Data to use:
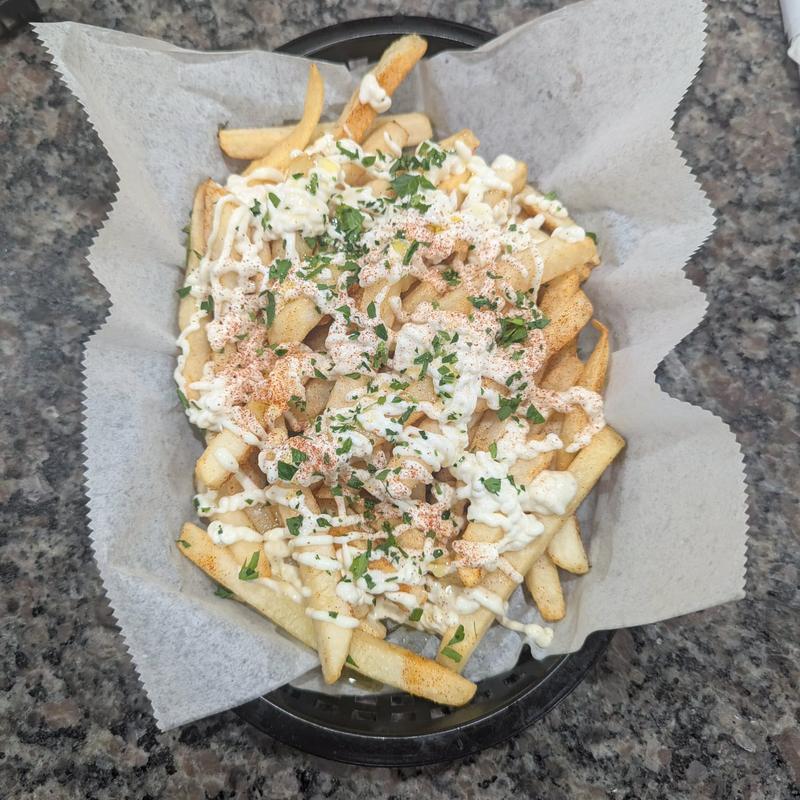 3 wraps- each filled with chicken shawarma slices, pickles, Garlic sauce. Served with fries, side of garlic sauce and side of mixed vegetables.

...

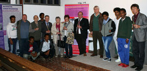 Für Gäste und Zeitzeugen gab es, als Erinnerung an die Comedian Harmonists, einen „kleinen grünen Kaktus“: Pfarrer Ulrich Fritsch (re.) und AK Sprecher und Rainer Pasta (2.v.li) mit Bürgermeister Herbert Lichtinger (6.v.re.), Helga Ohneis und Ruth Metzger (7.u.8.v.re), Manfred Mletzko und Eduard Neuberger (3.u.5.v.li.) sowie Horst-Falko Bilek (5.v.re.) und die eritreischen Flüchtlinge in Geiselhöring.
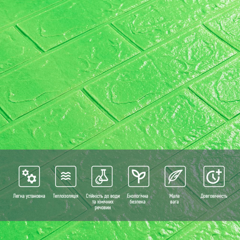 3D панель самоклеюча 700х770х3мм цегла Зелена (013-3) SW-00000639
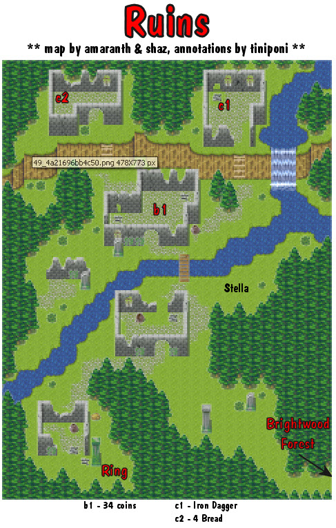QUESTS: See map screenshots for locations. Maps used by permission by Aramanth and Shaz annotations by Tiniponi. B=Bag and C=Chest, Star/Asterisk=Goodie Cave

Aim of the exercise: Pictures in the entries do not go into the copy. Print only the lines starting at the one containing "3D панель самоклеюча" and ending at the one containing "QUESTS: See map", exactly as they appear.

Response to this task:
 3D панель самоклеюча 700х770х3мм цегла Зелена (013-3) SW-00000639
QUESTS: See map screenshots for locations. Maps used by permission by Aramanth and Shaz annotations by Tiniponi. B=Bag and C=Chest, Star/Asterisk=Goodie Cave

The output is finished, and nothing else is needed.